Deadline to submit reply comments to the Federal Communications Commission (FCC) regarding Northland Networks' petition pursuant to 47 U.S.C. § 252(e)(5) requesting that the FCC preempt the jurisdiction of the New York Public Service Commission to resolve a dispute between Northland and Verizon regarding reciprocal compensation and change of law provisions of their interconnection agreements. This is WC Docket No. 03-242. See, FCC notice [PDF].

Hanukkah.

Deadline to submit initial comments to the Copyright Office (CO) in response to its Notice of Inquiry (NOI) regarding notice and recordkeeping for use of sound recordings under statutory license. The CO published a notice in the Federal Register stating that it "is requesting public comment on the adoption of regulations for records of use of sound recordings performed pursuant to the statutory license for public performances of sound recordings by means of digital audio transmissions between October 28, 1998, and the effective date of soon-to-be-announced interim regulations." See, Federal Register: October 8, 2003, Vol. 68, No. 195, at Page 58054.

12/15. Three new members were appointed to the National Institute of Standards and Technology's (NIST) Information Security and Privacy Advisory Board: Bruce Brody (Associate Deputy Assistant Secretary for Cyber and Information Security at the Department of Veterans Affairs), Rebecca Leng (Deputy Assistant Inspector General for Information Technology and Computer Security at the Department of Transportation), and Howard Schmidt (VP and Chief Information Security Officer at Ebay).

12/15. Merit Janow was sworn in as a Member of the Appellate Body at the World Trade Organization (WTO). Janow's background includes teaching at Columbia University, working as a Deputy Assistant U.S. Trade Representative, and working for the law firm of Skadden Arps Slate Meagher & Flom. See, WTO release.

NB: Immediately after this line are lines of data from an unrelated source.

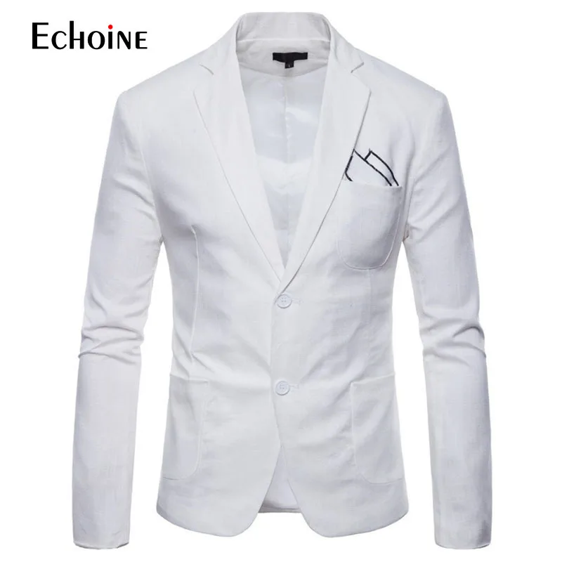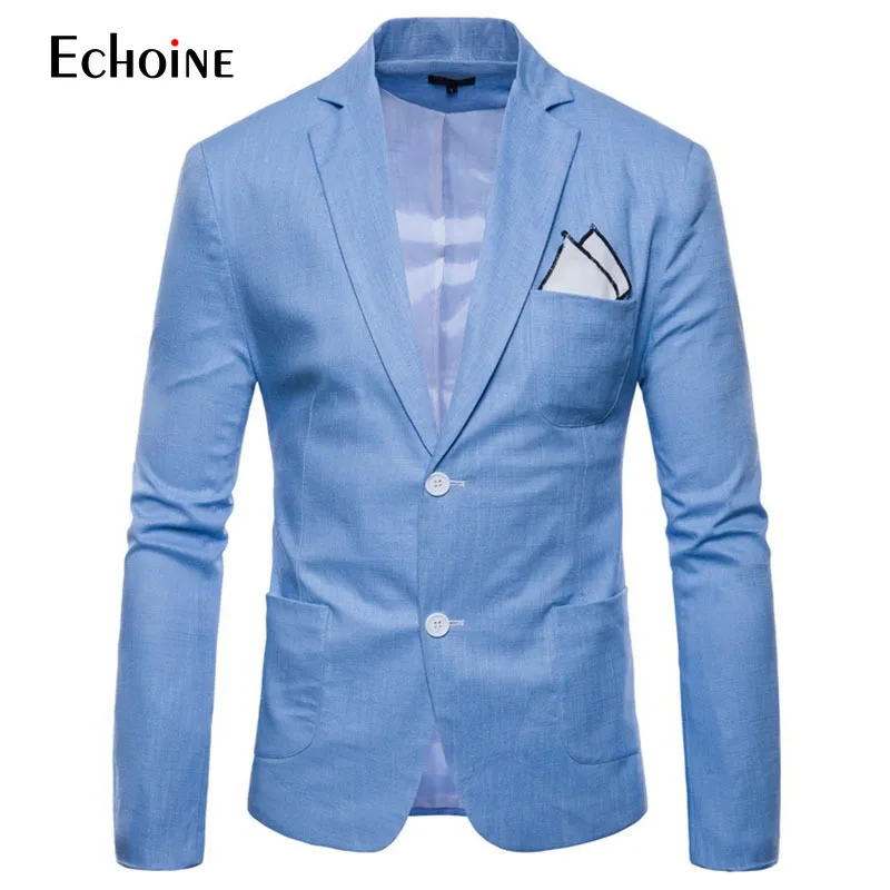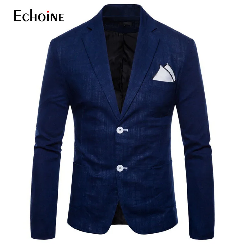 Модный Удобный летний мужской блейзер из хлопка и льна, мужская приталенная куртка, костюмы, блейзеры, мужской качественный повседневный костюм приблизительно 4XL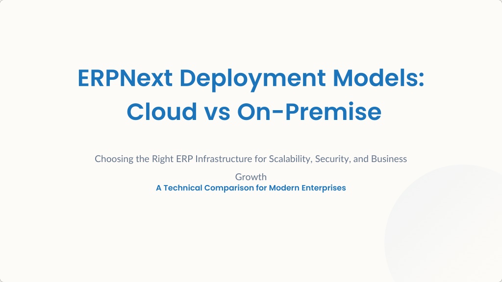 ERPNext Deployment Models: Cloud vs On-Premise Choosing the Right ERP Infrastructure for Scalability, Security, and Business Growth A Technical Comparison for Modern Enterprises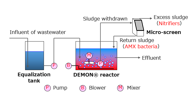 Sludge increases when nitrogen treatment is performed by the bacteria; however, the balance between metabolism of ammonium oxidizing bacteria(nitrifying bacteria) and AMX bacteria is maintained by selectively withdrawing nitrifying bacteria in the tank through a micro-screen. With this well-contrived treatment, stable and efficient nitrogen treatment can be achieved.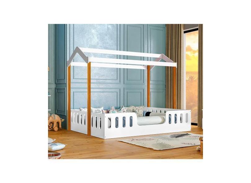 Cama Casal Infantil Casinha Montessoriana Ágatha - Branco/Mel - Baby M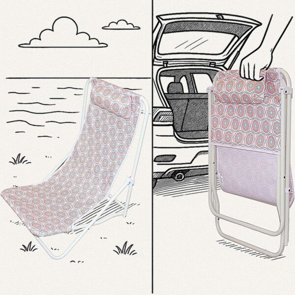 LEŻAK SKŁADANY PLAŻOWY Z ZAGŁÓWKIEM NIEBIESKO POMARAŃCZOWY to Twoja przepustka do błogiego odpoczynku – na plaży, w ogrodzie i gdziekolwiek chcesz złapać słońce. Rozkładasz, siadasz i… już jest dobrze!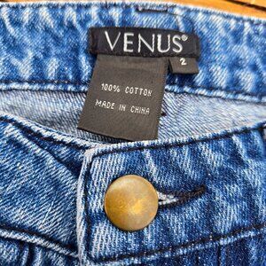 * Y2K Venus denim capris cargos with white floral embroidery and studs on the pocket flaps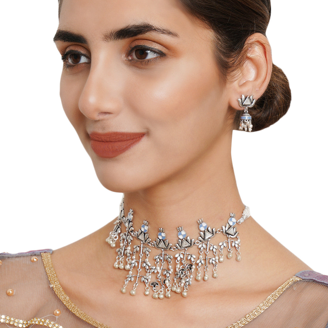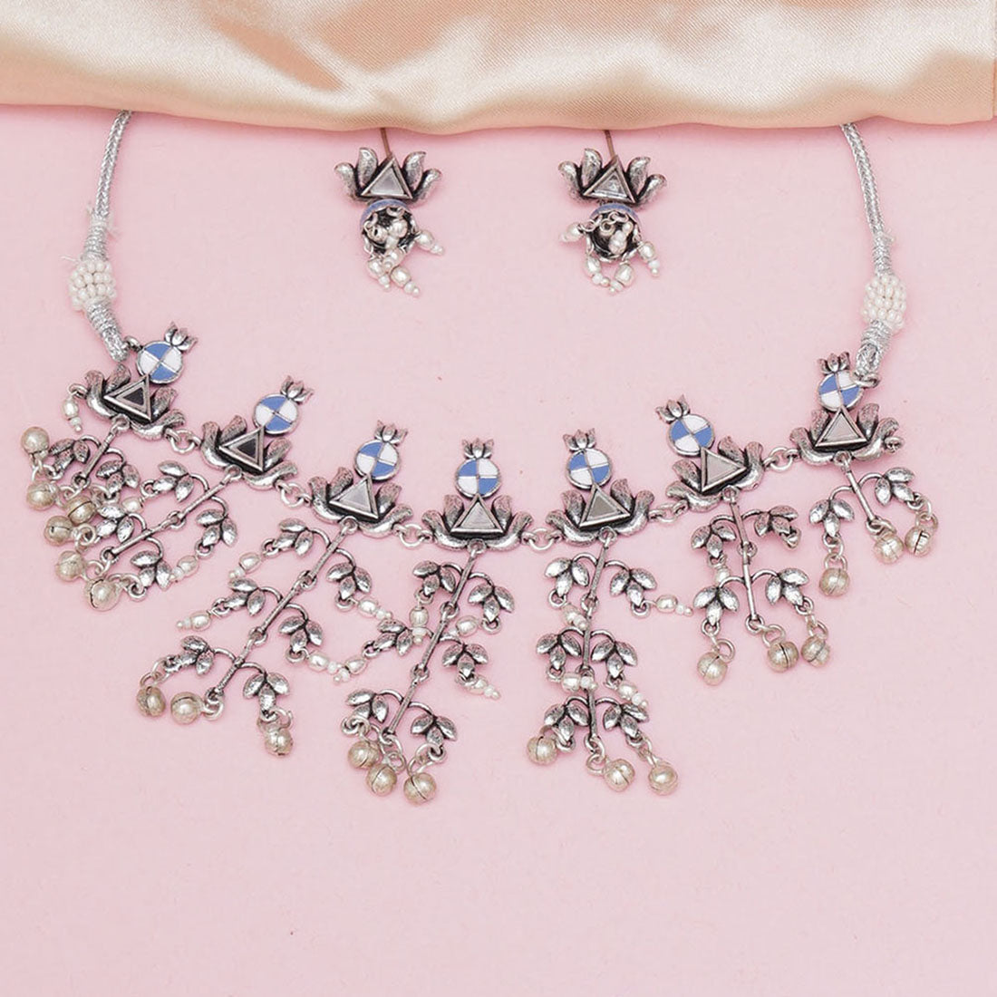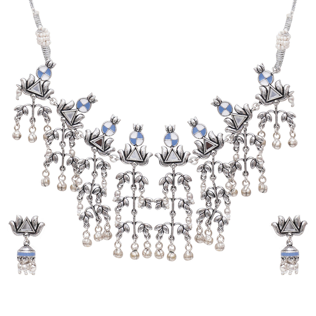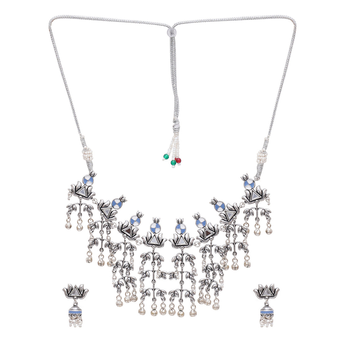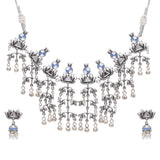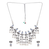 Festive Hues Silver Plated Long Fusion Blue Necklace Set
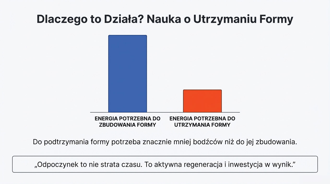 Dobra wiadomość jest taka, że utrzymanie formy kosztuje znacznie mniej energii niż jej budowanie. Badania cytowane przez Danielsa pokazują, że możesz zredukować trening nawet o kilkadziesiąt procent, a Twoje VO2max i próg mleczanowy pozostaną na wysokim poziomie przez wiele tygodni.
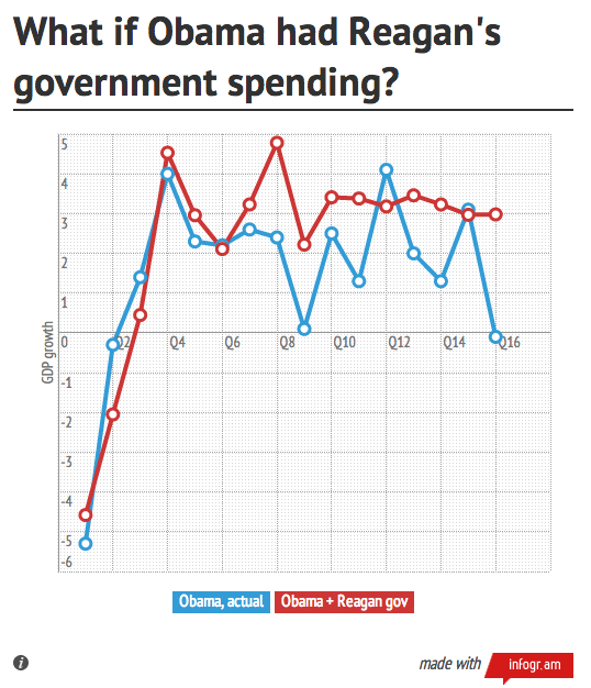 [T]hese graphs simply establish a basic fact about Obama’s term: While deficits have indeed been high, government spending and investment has been falling since 2010. This is, in recent presidential administrations, a simply unprecedented response to a recession. Just for fun, I took Obama’s GDP growth, netted out the effect of government spending and investment, and then added the total government spending and investment numbers — which include state and local government — from Reagan’s first term. The result is a significantly better economy, with growth since 2010 averaging 3.2 percent rather than 2.4 percent.

12/16. The Center for Democracy and Technology (CDT) released a report [39 pages in PDF] titled "Implications of the Broadcast Flag: A Public Interest Primer".

12/16. The Federal Communications Commission's (FCC) Wireline Competition Bureau (WCB) announced that it approved the application of OCMC, Inc. to acquire certain telecommunications assets of One Call Internet, Inc. (formerly know as One Call Communications, Inc.). See, FCC release [PDF].